What you are asked to do.
Run through the data and copy out every line that mentions the word "common".

Dataset Block Start

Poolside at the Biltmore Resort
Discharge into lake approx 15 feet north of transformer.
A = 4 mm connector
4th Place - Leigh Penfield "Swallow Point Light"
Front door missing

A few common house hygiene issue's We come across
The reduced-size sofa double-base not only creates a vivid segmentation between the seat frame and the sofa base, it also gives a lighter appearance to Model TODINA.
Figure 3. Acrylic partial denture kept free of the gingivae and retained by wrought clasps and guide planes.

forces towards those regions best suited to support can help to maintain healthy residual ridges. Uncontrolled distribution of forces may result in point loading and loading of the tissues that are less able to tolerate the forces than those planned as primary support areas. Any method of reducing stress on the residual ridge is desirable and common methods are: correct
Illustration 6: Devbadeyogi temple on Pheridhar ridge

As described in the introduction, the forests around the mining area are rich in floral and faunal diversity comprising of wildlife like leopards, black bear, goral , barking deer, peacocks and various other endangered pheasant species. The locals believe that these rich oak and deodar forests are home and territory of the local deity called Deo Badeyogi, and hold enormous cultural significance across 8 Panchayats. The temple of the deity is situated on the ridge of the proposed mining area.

Dataset Block End
Dataset Block Start

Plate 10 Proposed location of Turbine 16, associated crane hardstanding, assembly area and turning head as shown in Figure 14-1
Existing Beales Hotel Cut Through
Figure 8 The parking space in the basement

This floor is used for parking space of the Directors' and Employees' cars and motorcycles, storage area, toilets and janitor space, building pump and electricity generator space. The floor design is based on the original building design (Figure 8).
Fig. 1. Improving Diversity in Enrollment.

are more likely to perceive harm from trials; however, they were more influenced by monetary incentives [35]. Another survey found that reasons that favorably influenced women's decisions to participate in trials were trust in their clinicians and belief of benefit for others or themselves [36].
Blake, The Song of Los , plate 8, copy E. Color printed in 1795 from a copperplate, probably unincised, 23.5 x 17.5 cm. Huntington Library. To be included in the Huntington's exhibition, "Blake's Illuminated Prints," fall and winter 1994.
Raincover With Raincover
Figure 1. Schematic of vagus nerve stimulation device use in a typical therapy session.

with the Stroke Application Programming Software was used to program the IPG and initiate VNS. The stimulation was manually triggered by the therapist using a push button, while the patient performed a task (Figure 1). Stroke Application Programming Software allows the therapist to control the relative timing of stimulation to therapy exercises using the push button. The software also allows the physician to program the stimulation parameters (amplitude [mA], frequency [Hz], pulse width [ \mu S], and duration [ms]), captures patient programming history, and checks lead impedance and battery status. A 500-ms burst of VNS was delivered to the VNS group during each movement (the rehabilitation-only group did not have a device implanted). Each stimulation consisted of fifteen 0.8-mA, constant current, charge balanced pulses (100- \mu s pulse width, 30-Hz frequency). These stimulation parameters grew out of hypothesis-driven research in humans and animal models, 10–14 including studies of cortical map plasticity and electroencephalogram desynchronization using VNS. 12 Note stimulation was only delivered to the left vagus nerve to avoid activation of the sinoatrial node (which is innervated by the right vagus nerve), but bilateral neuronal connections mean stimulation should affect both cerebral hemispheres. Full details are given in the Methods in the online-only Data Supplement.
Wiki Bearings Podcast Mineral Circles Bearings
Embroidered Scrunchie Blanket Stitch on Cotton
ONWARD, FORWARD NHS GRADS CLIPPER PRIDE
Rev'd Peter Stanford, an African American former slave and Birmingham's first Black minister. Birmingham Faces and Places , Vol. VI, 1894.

Dataset Block End
Dataset Block Start

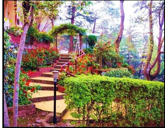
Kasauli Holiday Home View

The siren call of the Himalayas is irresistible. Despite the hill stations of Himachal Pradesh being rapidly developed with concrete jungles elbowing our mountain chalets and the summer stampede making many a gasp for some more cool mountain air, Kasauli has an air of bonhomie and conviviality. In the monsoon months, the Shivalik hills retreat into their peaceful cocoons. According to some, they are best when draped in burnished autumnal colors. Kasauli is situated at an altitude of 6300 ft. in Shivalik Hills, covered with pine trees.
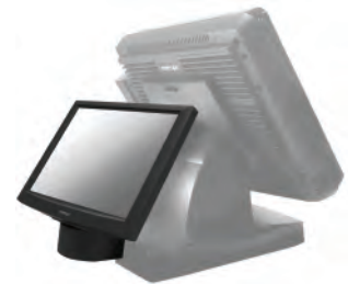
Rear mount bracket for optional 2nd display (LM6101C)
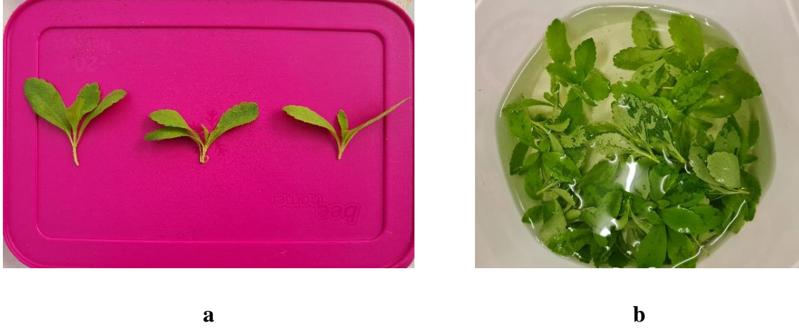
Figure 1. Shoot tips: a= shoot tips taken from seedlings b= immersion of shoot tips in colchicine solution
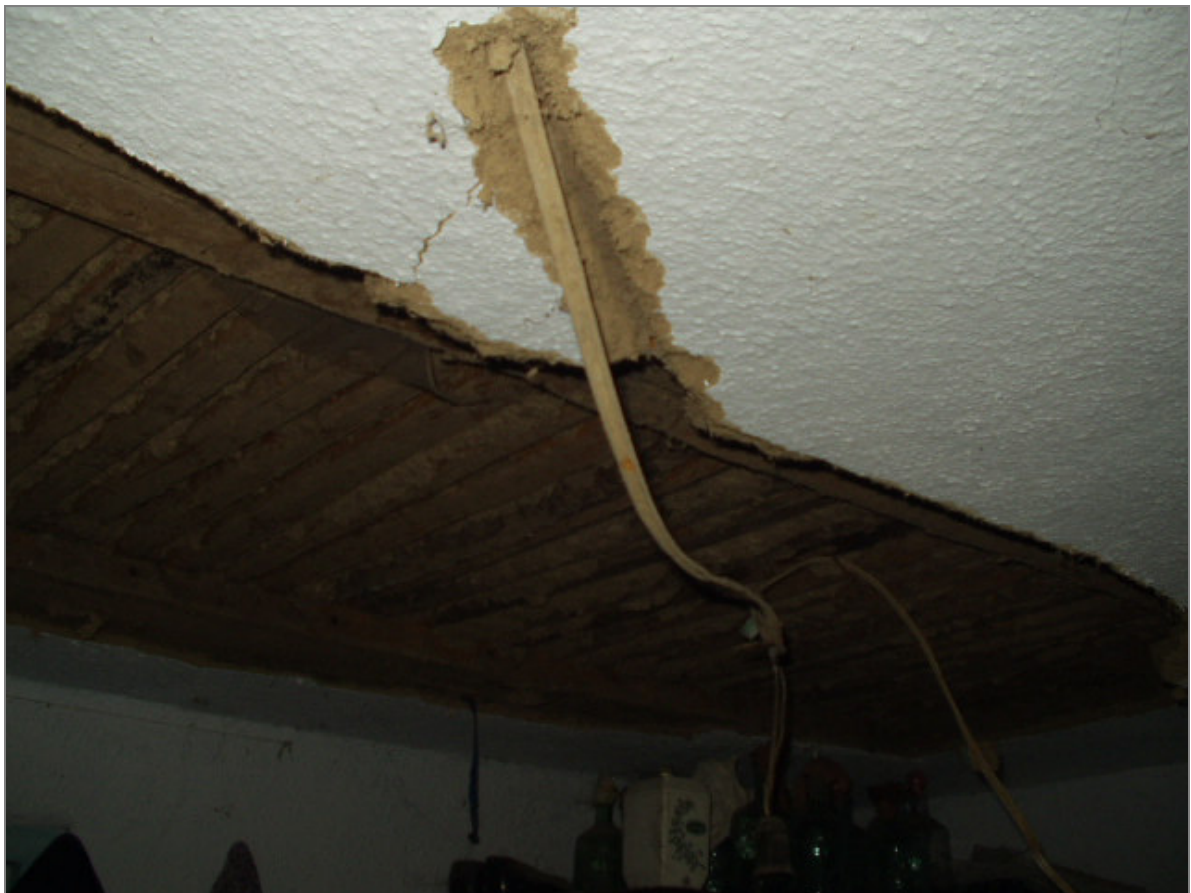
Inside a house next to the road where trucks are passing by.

Dataset Block End

Result of the task.
A few common house hygiene issue's We come across
forces towards those regions best suited to support can help to maintain healthy residual ridges. Uncontrolled distribution of forces may result in point loading and loading of the tissues that are less able to tolerate the forces than those planned as primary support areas. Any method of reducing stress on the residual ridge is desirable and common methods are: correct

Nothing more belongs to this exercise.